Nearly $1 trillion was spent on digital advertising globally in 2021, much of which flows through programmatic engines that segment and target specific audiences, sometimes missing large consumer groups in the process.
So, when we create and disseminate content, we need to stop and ask ourselves: who are we excluding?
Over the past year, the CMA Creativity Council has explored many aspects of the impact of DEI on creativity. The existence of bias in advertising is not a new conversation. The question is, how we, as an industry, are looking to identify and mitigate those biases. How do we become better? The great news is that a lot of thinking and work is being done in this area by many brands and agencies to drive education, awareness, collaboration, and action.
In 2021, an IBM Watson Advertising research project confirmed that bias can exist in advertising technology, and showed that mitigating that bias is possible, using artificial intelligence (AI) tools and resources in marketing processes.
At the Cannes Lions International Festival of Creativity 2022 earlier this year, IBM released an open-source toolkit to help identify and mitigate bias in advertising technology. The toolkit, AI Fairness 360, is an open-source solution deploying 75 fairness metrics and 13 state-of-the-art algorithms to help identify and mitigate biases in discrete data sets. A playbook and sample code provide guidance on how the metrics and algorithms in the advertising toolkit can be put into practice.

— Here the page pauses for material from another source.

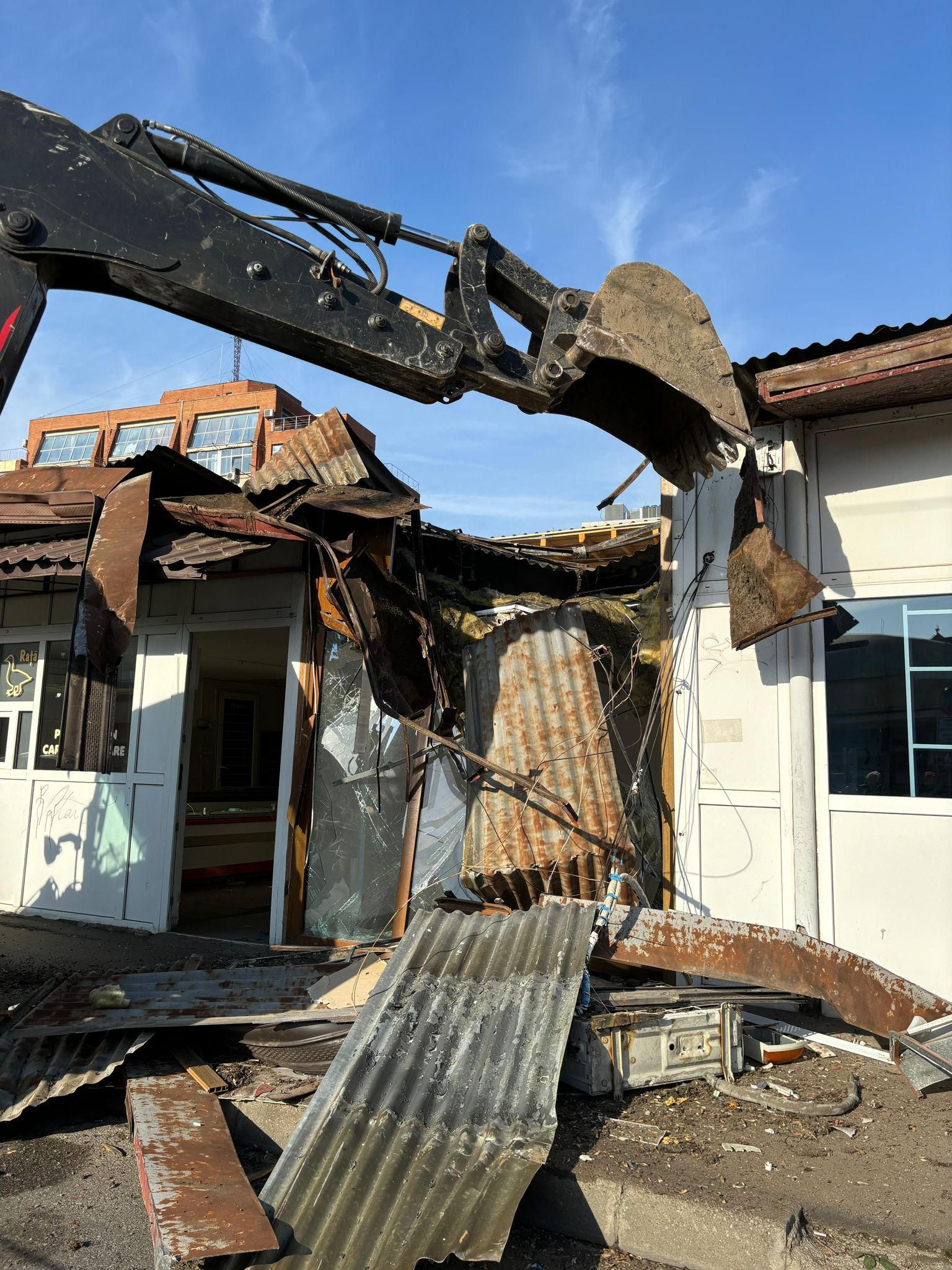 Acesta nu a făcut nimic, iar marți, 24 septembrie, municipalitatea a trimis echipele de la Colterm și de la Poliția Locală, pentru a verifica dacă acestea sunt libere și pentru a începe demolarea propriu-zisă. Operațiunea este programată să se desfășoare pe parcursul întregii zile.

Resources such as these are laying out a roadmap for the industry to systematically address bias. Organizations utilizing the toolkit may gain a better understanding of the presence and impact of bias on their advertising campaigns, as well as the makeup of their audiences. This is not only a major step in ushering a new era of fairness. It can also benefit campaign performance.
While more industry participation and data collection are needed to better understand the potential impact of bias in marketing campaigns, innovations such as this bring energy and a sense of optimism. Use of and collaboration on the open-source tools, data and AI models can further strengthen open technologies that can help automate bias mitigation.
As we reinvent the advertising technology infrastructure with consumer trust at the centre, we must address bias in the technology that powers the entire marketing industry. It is a business imperative, and it is the right thing to do.
We should all be part of the solution. When the industry demands more, real change can happen.